Incorporating individuals’ appearances into tracking
Some experimental questions do require accurate knowledge of animal identity throughout the entire video. One solution to this problem is to mark the animals so that they are uniquely distinguishable (Ohayon et al., 2013; Shemesh et al., 2013), as discussed in ‘How do you record social behavior?’, above. Alternatively, in some situations, one can use computer vision to exploit subtle visual differences between individuals (Perez-Escudero et al., 2014). These computer vision approaches learn models of each animal's appearance from frames in which the animals are not interacting. These learned models can then be used to predict the identity of each detected animal in every frame, often with some measure of prediction confidence. These predictions can then be combined with the identity predictions based on the animal motion models described above to obtain accurate tracking.
The trajectories (position of each animal as a function of time) that result from tracking (discussed in ‘Tracking’, above) provide information about how animals spend time at different locations in an environment. From trajectory data, it can be determined when the animals were near one another (Fig. 2A,B), which is used for position-based analysis of interactions (discussed in ‘Making sense of automated measures of behavior’, below). However, it is often of more interest to know what animals were doing at a particular time or place (Fig. 2C), and in the context of social behavior, how they were physically interacting with a social partner. This leads to the task of behavior annotation (also called behavior classification), which is the labeling, or assignment, of an animal's behavior at a particular time.

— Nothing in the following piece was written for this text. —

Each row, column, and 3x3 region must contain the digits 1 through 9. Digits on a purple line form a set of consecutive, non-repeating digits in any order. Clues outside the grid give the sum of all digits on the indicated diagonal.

For example, a fly or mouse could be labeled as ‘walking’ when it is moving slowly (Robie et al., 2010; Weissbrod et al., 2013), or a fly could be labeled as ‘courting’ when it is producing courtship song (Dankert et al., 2009). While behavior annotation was originally performed manually (Altmann, 1974), powerful methods of automatic behavior annotation have been developed. One common way to do this is by creating a classifier, as discussed below.
Training a behavior classifier
A classifier is a function that predicts a class, which in behavioral classification is the behavioral label. Binary classifiers predict which of two classes the animal's behavior is in (i.e. the animal is or is not performing the behavior of interest), while multi-class classifiers can classify an animal's behavior as one of several mutually exclusive classes. Annotating the data with a single classifier results in each frame having only one behavioral annotation. If multiple non-mutually exclusive behaviors are being annotated, then several binary classifiers can be applied to the same data. This can result in frames that have several behavior annotations.

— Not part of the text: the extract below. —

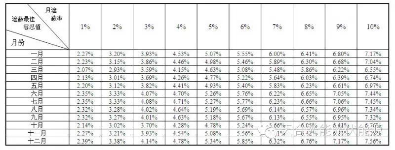 表3 不同月份不同月遮蔽率對應的遮蔽最佳容忍值

The relationship between the data being studied (e.g. the raw pixels or animal's trajectory) and the predicted behavioral label is quantified in terms of features – measurable properties, or descriptors, of the data (Bishop, 2006). Examples of features that can be calculated from animal trajectories include the speed or velocity of the animal's centroid, or the length or width of the animal when the trajectories include pose information (such as an ellipse-fit of the animal's body) (Kabra et al., 2013). From trajectories, it is also possible to calculate features based on the animal's position relative to other environment elements, such as the distance from the animal to the arena wall or nearest social partner (e.g. Coen et al., 2014). Features can also be derived directly from the raw video, such as how pixel intensities change over the image (e.g. Histogram of Oriented Gradient; Dalal and Triggs, 2005). Additional features can be constructed by summarizing features calculated from single frames over a window of frames (e.g. Kabra et al., 2013).

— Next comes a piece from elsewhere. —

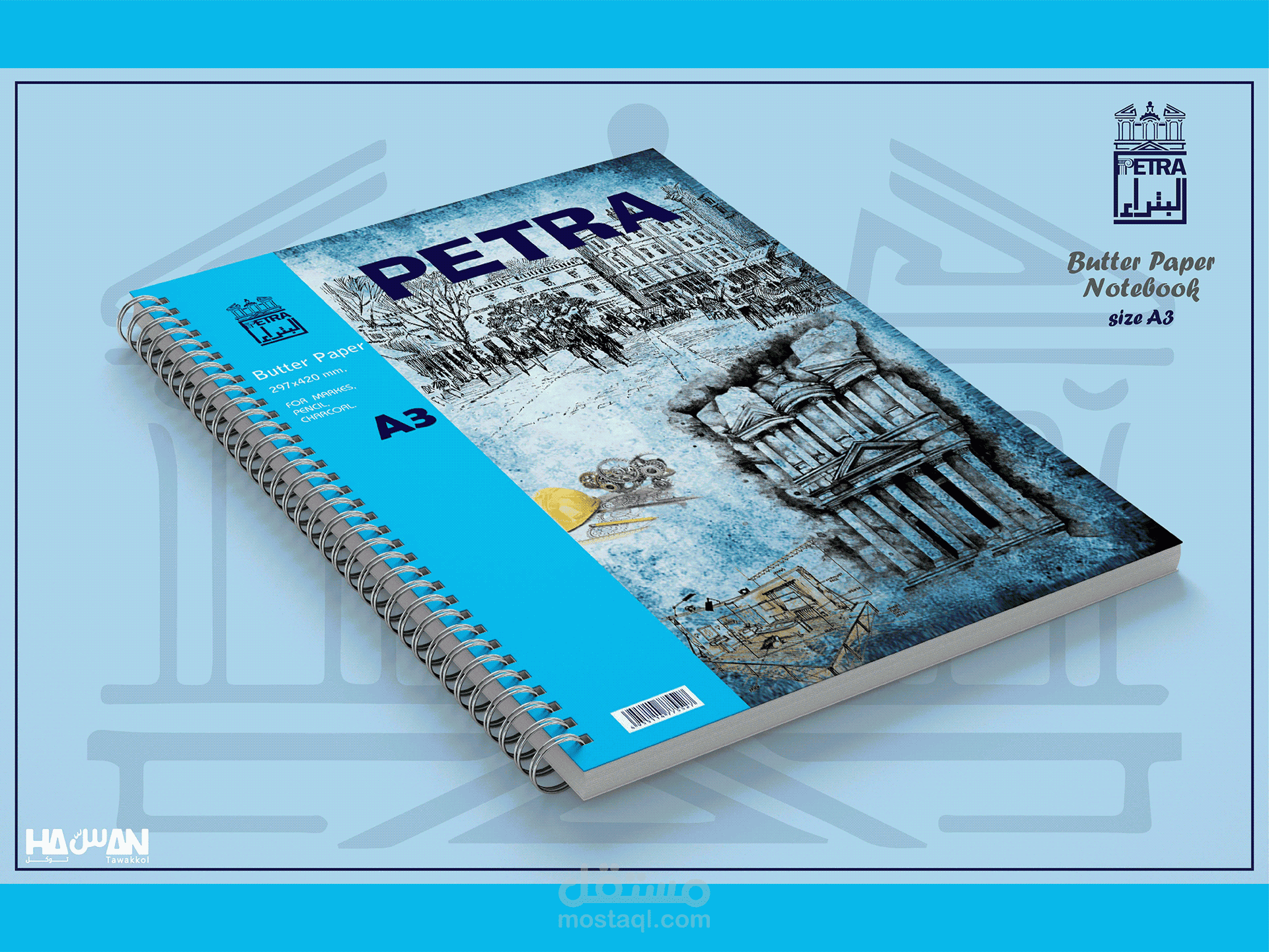 المشروع عبارة عن شركة تقوم بصناعة الورق في المملكة الأردنية الهاشمية, طلب عمل لوجو للشركة بإسم البتراء وعمل دفاتر ورق زبدة

There are several ways to create a classifier based on features. If the features necessary for accurate classification of the behavior of interest are known, then they can be used to specify the classifier directly. For example, a ‘walk’ classifier might only use the speed of the animal (i.e. if the animal's speed is within a specified range, then the animal is classified as walking; Weissbrod et al., 2013). Alternatively, if the relevant features for accurately classifying a behavior are not known a priori, or if it is thought that the behavior predictions might be improved with information from a large combination of features, then a classifier can be learned (or optimized) based on examples of the behavior of interest.
In learning a classifier, a machine learning algorithm is essentially inferring the feature-rules that predict the behavior of interest from correctly labeled examples. There are three critical components to creating a classifier: (1) the labeling of training data, (2) the choice of feature representation and (3) the types of classifier functions considered.
To specify the first component, the labeled training data set, one must label some frames in the data set for which the correct behavior can be confidently assigned. From this labeled data set, the learning algorithm will infer rules that can reproduce these labels from the feature representation of the video. It is important that the labeled examples come from a variety of experiments/individuals and from varied instances of the behavior so that the learned model will generalize well, i.e. will be accurate when applied to videos that it was not trained on.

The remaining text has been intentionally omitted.